Start of Listed entries

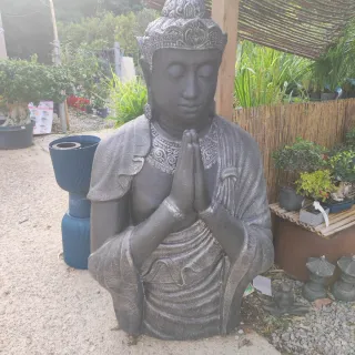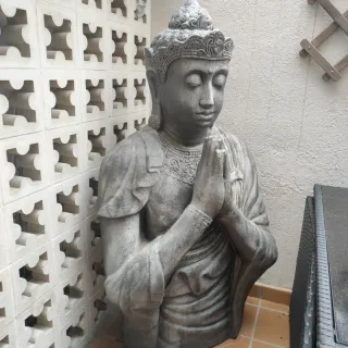 Oferta precio negociable. Figura decorativa de Buda en posición de oración, elaborada en fibra. - Diseño detallado. - Apto para exteriores.
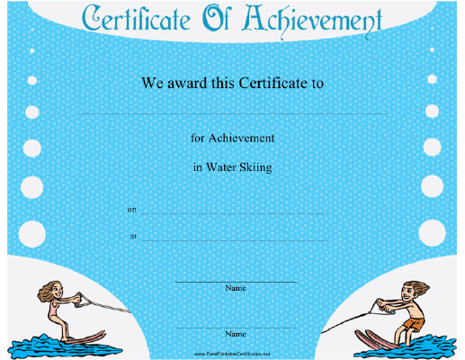 This Water Skiing Achievement certificate features two water skiers flying across the waves behind a powerful motor boat. Can certify achieving new skill level, or presented as an award in a competition.
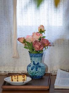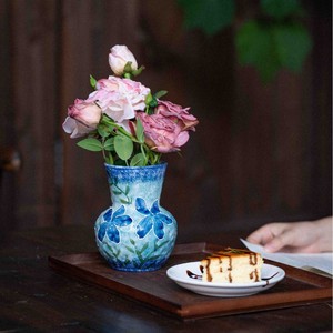 景德镇陶瓷花瓶渐变小兰花油画风花瓶手工陶艺干花装饰陶瓷小花器
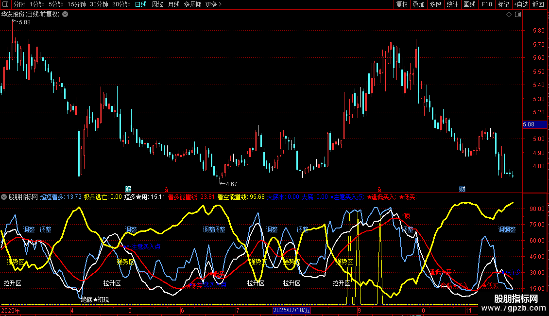 ★低买: 在“短多专用”线上穿“看多能量线”发生的下一个交易日,若短期线显著高于多头线,则标记“★低买”。这两个信号均提示回调后的买入机会。
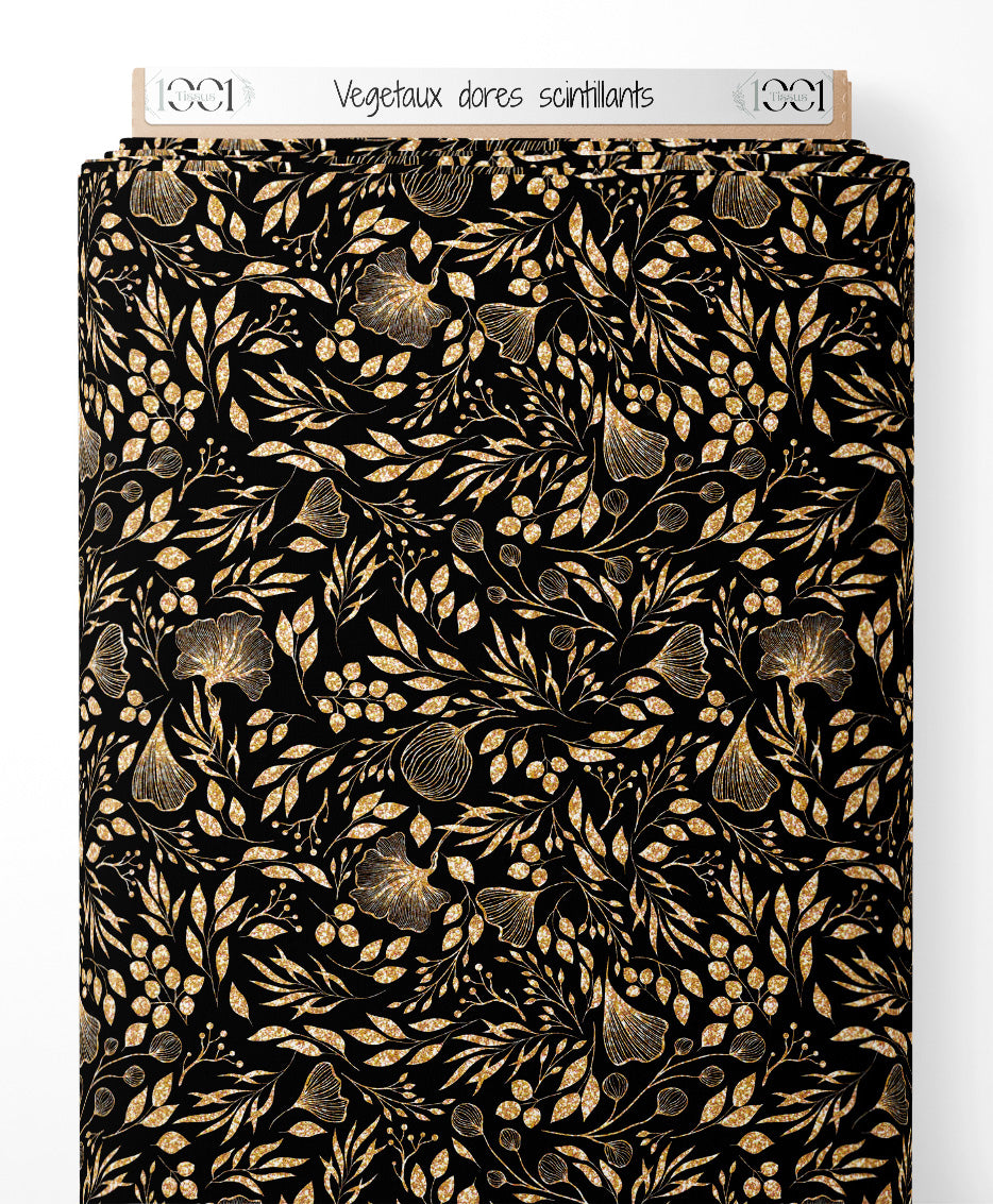 Les feuilles sont accompagnées de fleurs aux contours dorés. Des baies dorées complètent le motif végétal. Les détails dorés ajoutent une touche scintillante au design.Les tissus

End of Listed entries

*Directions for this task*. Set the records down again word for word; the pictures stay out.

*Response area*.
 Oferta precio negociable. Figura decorativa de Buda en posición de oración, elaborada en fibra. - Diseño detallado. - Apto para exteriores.
 This Water Skiing Achievement certificate features two water skiers flying across the waves behind a powerful motor boat. Can certify achieving new skill level, or presented as an award in a competition.
 景德镇陶瓷花瓶渐变小兰花油画风花瓶手工陶艺干花装饰陶瓷小花器
 ★低买: 在“短多专用”线上穿“看多能量线”发生的下一个交易日,若短期线显著高于多头线,则标记“★低买”。这两个信号均提示回调后的买入机会。
 Les feuilles sont accompagnées de fleurs aux contours dorés. Des baies dorées complètent le motif végétal. Les détails dorés ajoutent une touche scintillante au design.Les tissus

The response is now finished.